The iterative style of development in the Agile has changed the way we build and test the software. During the waterfall days, the performance test was primarily executed in the last phase of the product. However, an agile approach requires you to test your product before every release. The shift towards continuous integration and development has changed how we plan overall performance tests and how often we test however there has not been any change in the way we strategize the performance testing.
Though we no longer are required to build elaborate test plans that we used to write when the waterfall model was prevalent, we still should invest a great deal of time and effort in strategizing the performance testing project.
The first step of which is building the workload model.

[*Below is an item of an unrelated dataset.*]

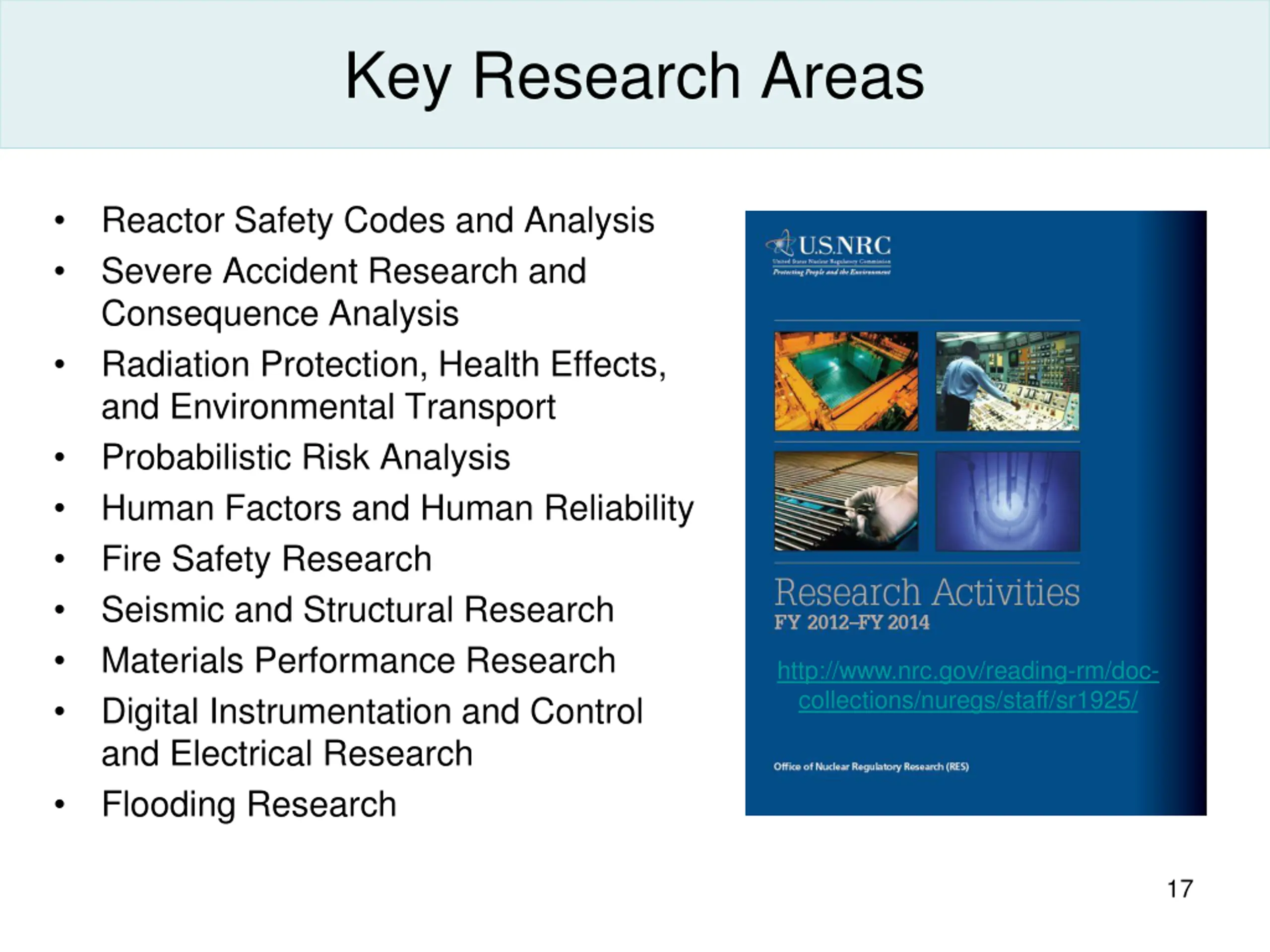 Key Research Areas Reactor Safety Codes and Analysis Severe Accident Research and Consequence Analysis Radiation Protection, Health Effects, and Environmental Transport Probabilistic Risk Analysis Human Factors and Human Reliability Fire Safety Research Seismic and Structural Research Materials Performance Research Digital Instrumentation and Control and Electrical Research Flooding Research http://www.nrc.gov/reading-rm/doc- collections/nuregs/staff/sr1925/ 17

Let us assume that your business owner has expectations that under standard peak load, 90 percent of the critical transactions should be completed within 3 seconds and remaining 10 percent within the SLA of 10 seconds
Performance tests are executed to full-proof your application from probable failures that may occur due to sudden (Spike testing) or gradual increase in the load or volume (scalability testing), from infrastructure failures, from untuned code or a performance bottleneck due to incorrectly configured components in the system.
The objective of performance testing is to simulate a load onto a production-like environment and identify gaps in your application and environment before they become a real business problem. This can only be achieved by first building an appropriate simulation model that correctly captures your critical business processes, list of critical APIs or database queries. The workload model is the document that will capture these details and also provide the calculations that will guide a performance tester with required details to carry out performance testing such as an expected number transactions per seconds (TPS), pacing and thinking time calculations for every in-scope business-critical process.
Source Type | Tools/Sources |
---|---|
Actuals/Production logs | Web server logs, Database queries, or Data mining tools such as Splunk or Logstash Kibana. |
Testimony (from Business) | A businessperson who has an understanding of the expected growth of the software product you are testing. |
Comparison | Your competitor’s product in the market or their published sales numbers. |
Inference | Result of the process of reasoning in which the tester knows some unperceived character of a software product through the testing or domain experience. |
The widely accepted approach in the performance testing space is that 80% business volume is contributed by 20% business transactions. The workload model for performance testing is often designed with the same assumptions that are based on the Pareto principle.
The Pareto principle (also known as the 80/20 rule, the law of the vital few, or the principle of factor sparsity) states that, for many events, roughly 80% of the effects come from 20% of the causes.
Following is the pictorial illustration of the Pareto principle applied to community fundraising
Let us say after applying the above principle you have recognised the list of the critical business transactions. And based on the data obtained from the different sources of knowledge such production logs; you have identified transaction volume for each business-critical transaction and the peak load volume. The next step is ascertaining required pacing and thinking time to build the workload model. The mathematical principle that I use to build this simulation model is Little's law of queueing theory which states that the long-term average number L of customers in a stationary system is equal to the long-term average effective arrival rate λ multiplied by the average time W that a customer spends in the system. Expressed algebraically the law is
L = λ W
Business Process | Steps | Avg think time(seconds) | Total think time(W) | Total Users(L) | Pacing time(λ) |
---|---|---|---|---|---|
BP-1 | 5 | 10 | 50 | 30 | 1.6 |
BP-2 | 10 | 10 | 100 | 200 | 2 |
BP-3 | 7 | 10 | 70 | 140 | 2 |
BP-4 | 14 | 10 | 140 | 300 | 2.14 |
BP-5 | 11 | 10 | 110 | 300 | 2.7 |
W - Think time is average time users spend on every page. L - Total users during peak load hour λ – Interval between the iteration of same transactions.
Suggestions :
Use the above steps to execute your baseline performance tests. To achieve expected TPS, modify your total user count, pacing time values for in-scope transactions for any other goal-oriented performance testing such as stress or scalable testing.